# TASK PROMPT:
In the listing below, locate the line with "UNE CONFÉRENCIÈRE DE CHOC !..." and the line with "Solange in Armut", then output both and everything between them exactly, minus any pictures.
━━━ GIVEN RECORDS
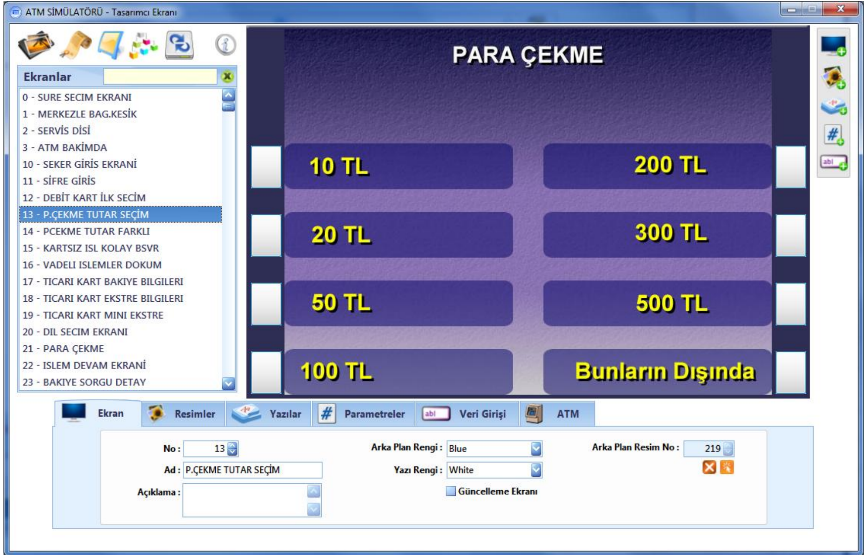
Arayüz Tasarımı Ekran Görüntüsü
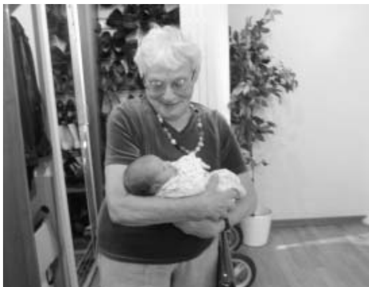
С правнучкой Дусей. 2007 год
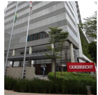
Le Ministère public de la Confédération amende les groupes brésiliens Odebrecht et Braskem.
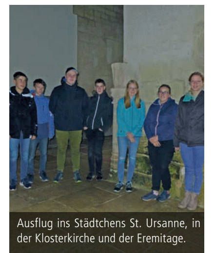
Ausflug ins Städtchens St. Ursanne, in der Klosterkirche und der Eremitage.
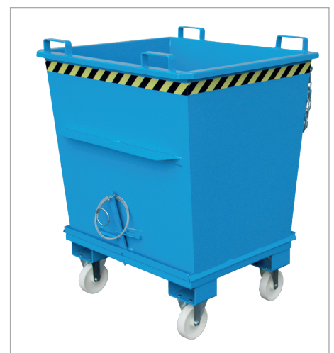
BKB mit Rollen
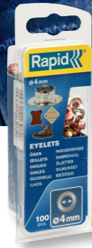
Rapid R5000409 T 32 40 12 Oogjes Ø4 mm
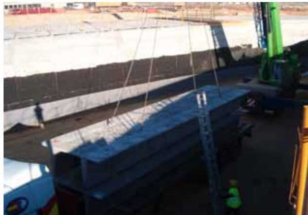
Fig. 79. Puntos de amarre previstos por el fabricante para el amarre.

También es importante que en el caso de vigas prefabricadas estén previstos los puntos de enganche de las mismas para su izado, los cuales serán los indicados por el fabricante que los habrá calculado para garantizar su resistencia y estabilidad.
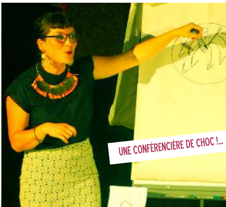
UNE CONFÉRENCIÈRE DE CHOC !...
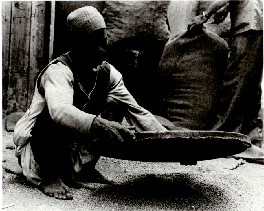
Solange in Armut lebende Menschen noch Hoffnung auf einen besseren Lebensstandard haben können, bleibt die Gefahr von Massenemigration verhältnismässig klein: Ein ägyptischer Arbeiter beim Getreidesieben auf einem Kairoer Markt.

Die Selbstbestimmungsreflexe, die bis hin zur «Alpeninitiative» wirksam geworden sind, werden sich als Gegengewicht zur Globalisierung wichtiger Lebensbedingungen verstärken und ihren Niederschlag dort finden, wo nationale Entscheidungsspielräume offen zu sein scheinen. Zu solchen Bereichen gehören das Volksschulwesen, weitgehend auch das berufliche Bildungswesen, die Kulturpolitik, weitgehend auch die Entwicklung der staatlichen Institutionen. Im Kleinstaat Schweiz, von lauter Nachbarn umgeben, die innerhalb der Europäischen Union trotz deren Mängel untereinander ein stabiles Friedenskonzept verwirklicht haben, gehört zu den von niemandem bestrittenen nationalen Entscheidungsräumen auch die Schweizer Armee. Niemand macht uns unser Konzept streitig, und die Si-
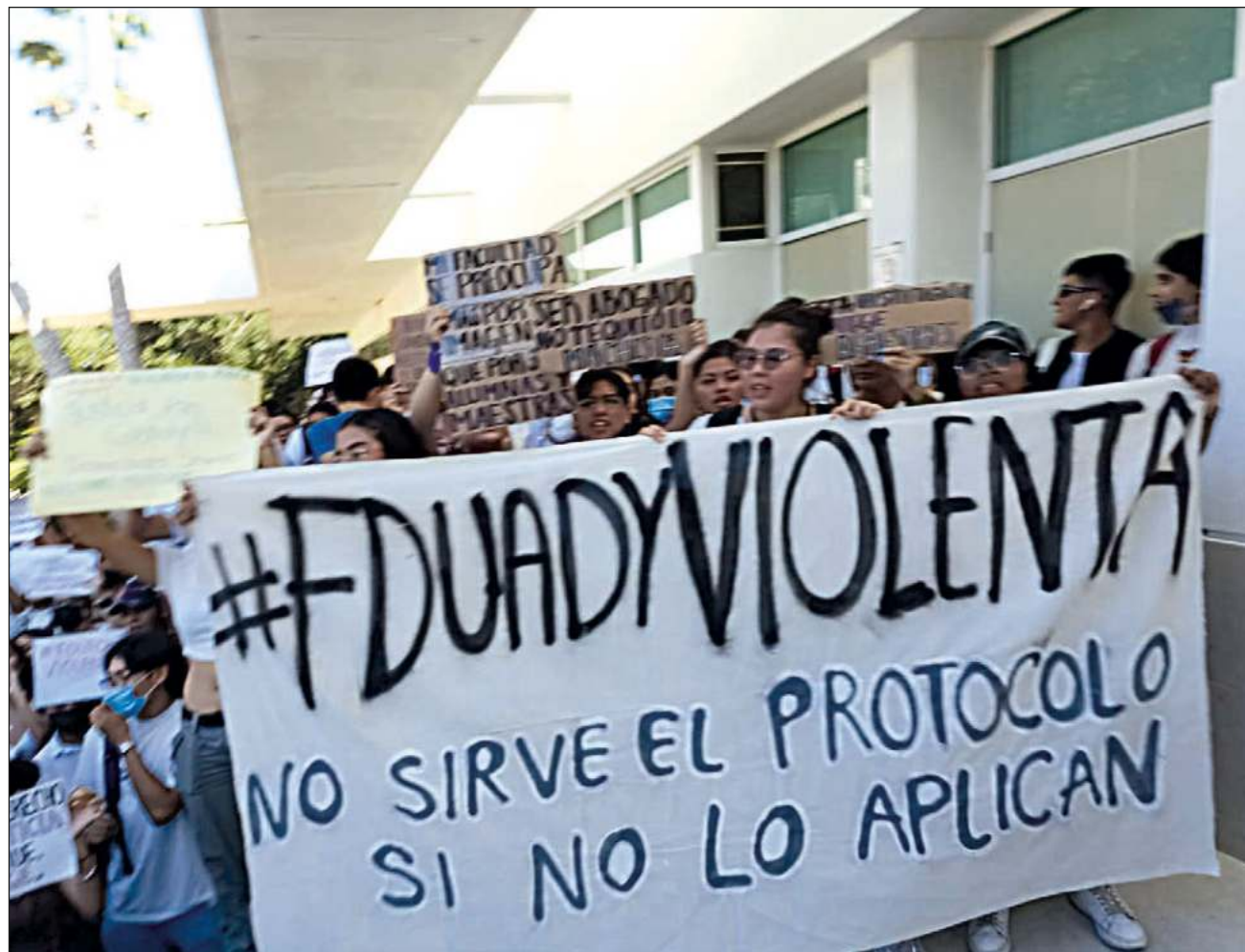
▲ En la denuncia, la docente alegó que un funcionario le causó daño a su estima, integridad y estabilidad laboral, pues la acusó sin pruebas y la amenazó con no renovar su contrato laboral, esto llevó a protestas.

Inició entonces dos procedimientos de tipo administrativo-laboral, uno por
━━━━━━
# ANSWER TO THIS EXERCISE:
UNE CONFÉRENCIÈRE DE CHOC !...
Solange in Armut lebende Menschen noch Hoffnung auf einen besseren Lebensstandard haben können, bleibt die Gefahr von Massenemigration verhältnismässig klein: Ein ägyptischer Arbeiter beim Getreidesieben auf einem Kairoer Markt.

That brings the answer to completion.